Details of the Directors proposed for re-election at the Annual General Meeting are set out in Appendix I to this circular.

– 5 –

LETTER FROM THE BOARD

3. PROPOSED GRANTING OF GENERAL MANDATE TO REPURCHASE SHARES

As at the Latest Practicable Date, the number of issued shares of the Company comprised 1,810,000,000 Shares.

According to the Prospectus, general mandate was granted to the Directors to issue and repurchase Shares respectively upon its listing.

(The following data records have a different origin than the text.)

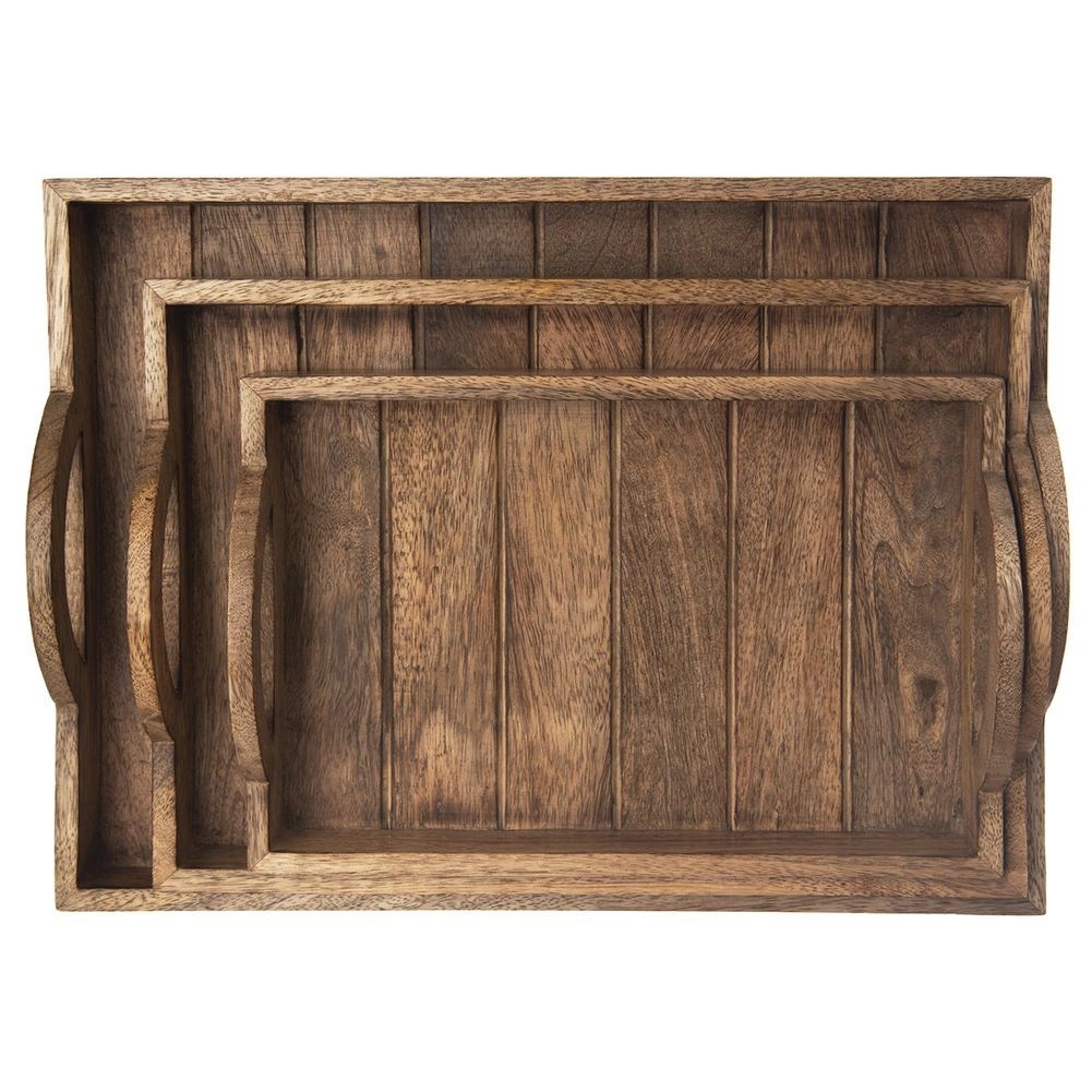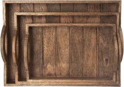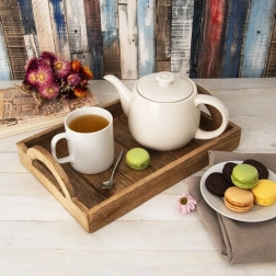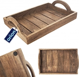 Elegant rektangulær bakke i kvalitets-mangotræ, ideel til servering af kaffe, te, desserter eller morgenmad på sengen. Den naturlige åretegning og let patinerede finish i industriel stil giver din borddækning et moderne udtryk. Fugtbestandighed, hurtig tørring og at træet ikke absorberer lugte, gør den til et fremragende valg til både hjemmet og gastronomiske miljøer.
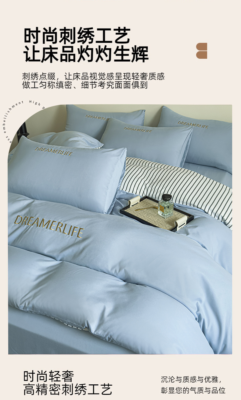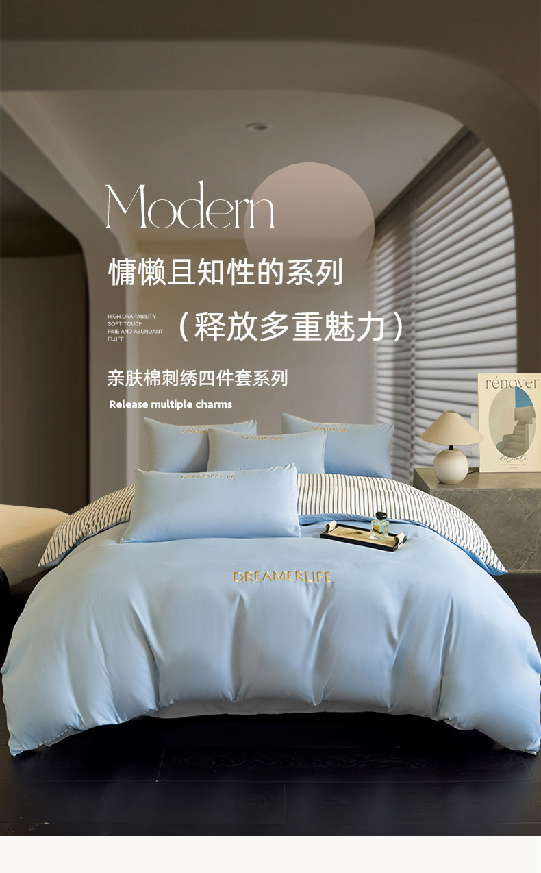 (总)千希家纺 2025新款轻奢简约亲肤棉绣花刺绣四件套-赛尔系列,赛尔-星耀黑,赛尔-蜜桃粉,赛尔-莫尼灰,赛尔-雾霾蓝
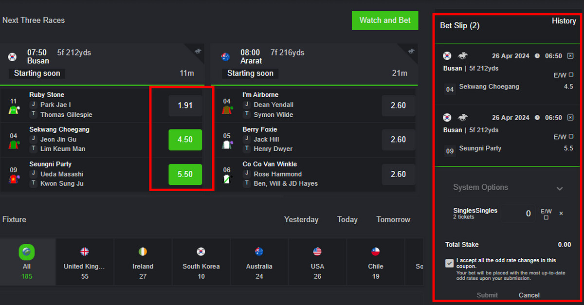 - On landing on the event of preference, one is required to indicate the bet amount in money.
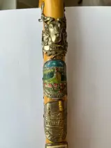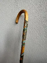 Wandelstok met 20 insignes/medaillons ook wel Stocknagels genoemd.
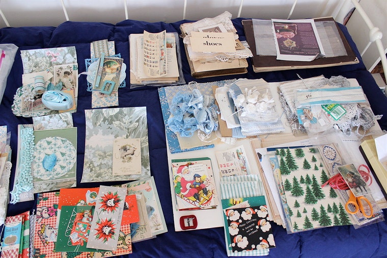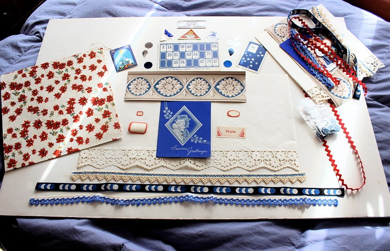 I started my shop in 2007 coordinating vintage postcards, seam binding, ribbons and millinery into little packets for other artists. My shop continues to grow with packs of all kinds of vintage papers like shelf paper, wallpaper, ledger and office papers, Dennison labels, greeting cards and wrapping paper along with all kinds of themed collage packs including holidays, French, birthday, circus, birds, garden, and sewing.

In order to give the Company the flexibility to repurchase Shares if and when appropriate, an ordinary resolution will be proposed at the Annual General Meeting to approve the granting of the general mandate to the Directors to repurchase Shares on the Stock Exchange of not exceeding 10% of the total number of issued Shares of the Company as at the date of passing of the proposed ordinary resolution contained in item 5 of the notice of the Annual General Meeting (i.e. a total of 181,000,000 Shares on the basis that the issued share capital of the Company remains unchanged on the date of the Annual General Meeting).

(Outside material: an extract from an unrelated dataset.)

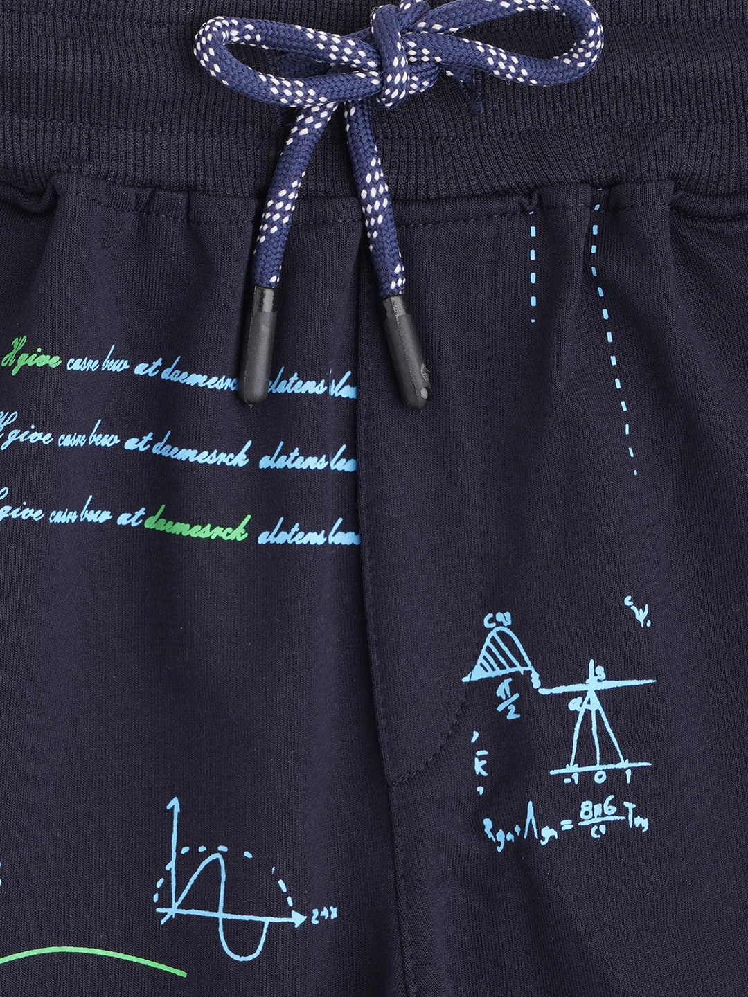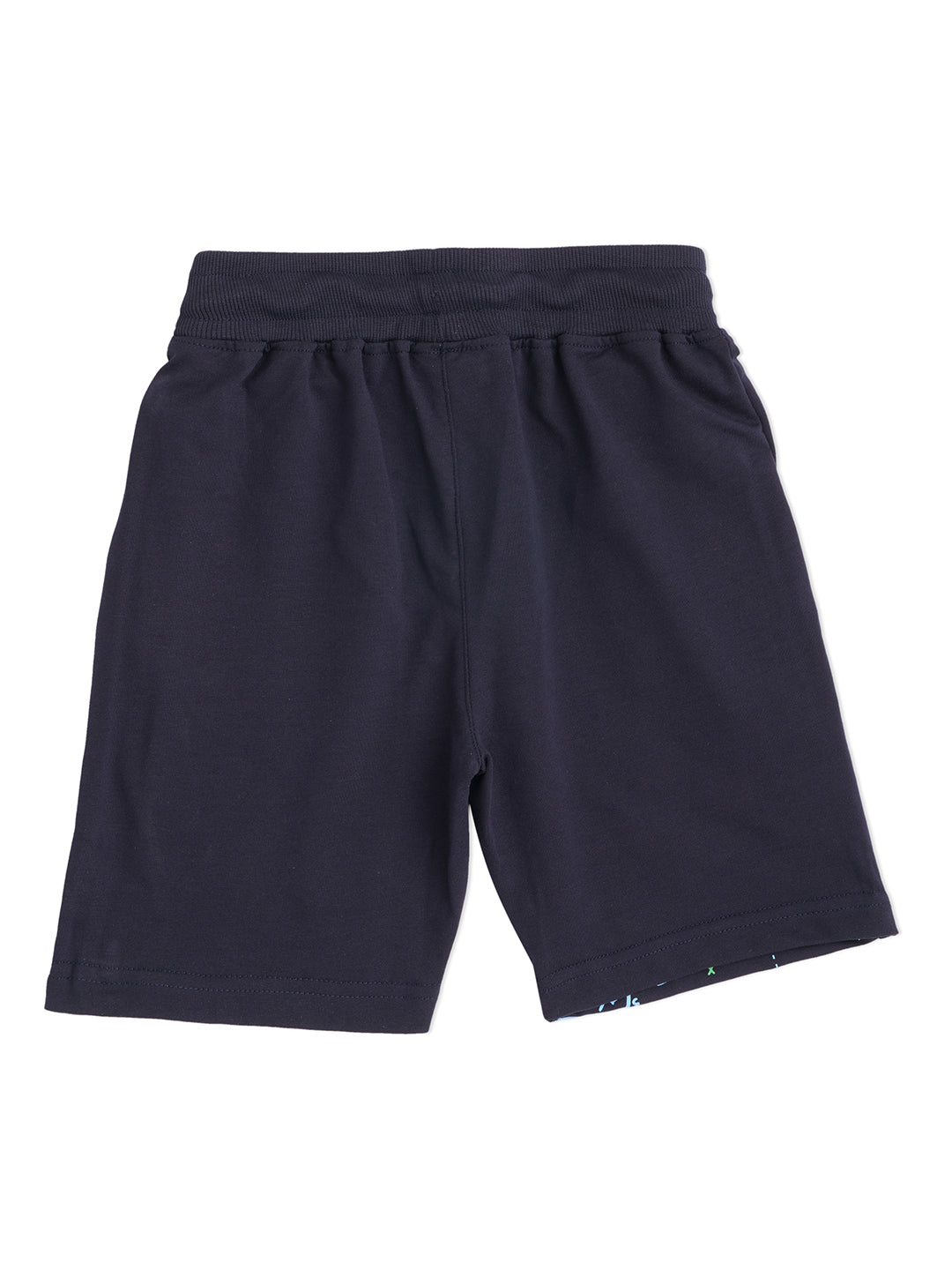 Navy blue and green printed Shorts, has a drawstring closure

An explanatory statement required by the Listing Rules to provide the Shareholders with requisite information reasonably necessary for them to make an informed decision on whether to vote for or against the granting of the Share Repurchase Mandate is set out in Appendix II to this circular.

4. PROPOSED GRANTING OF GENERAL MANDATE TO ISSUE SHARES

According to the Prospectus, a general mandate was granted to the Directors to issue Shares. Such mandate will lapse at the conclusion of the Annual General Meeting. In order to give the Company the flexibility to issue Shares if and when appropriate, an ordinary resolution will be proposed at the Annual General Meeting to approve the granting of the Issuance Mandate to the Directors to allot, issue or deal with additional Shares of not exceeding 20% of the total number of issued Shares of the Company as at the date of passing of the proposed ordinary resolution contained in item 6 of the notice of the Annual General Meeting (i.e. a total of 362,000,000 Shares on the basis that the issued share capital of the Company remains unchanged on the date of the Annual General Meeting). An ordinary resolution to extend the Issuance Mandate by adding the number of Shares repurchased by the Company pursuant to the Share Repurchase Mandate will also be proposed at the Annual General Meeting.

– 6 –

LETTER FROM THE BOARD

5. RE-APPOINTMENT OF AUDITOR

Deloitte Touche Tohmatsu, which has audited the consolidated financial statements of the Company and its subsidiaries for the year ended December 31, 2022, will retire as the auditor of the Company at the Annual General Meeting, and being eligible, offer itself for re-appointment.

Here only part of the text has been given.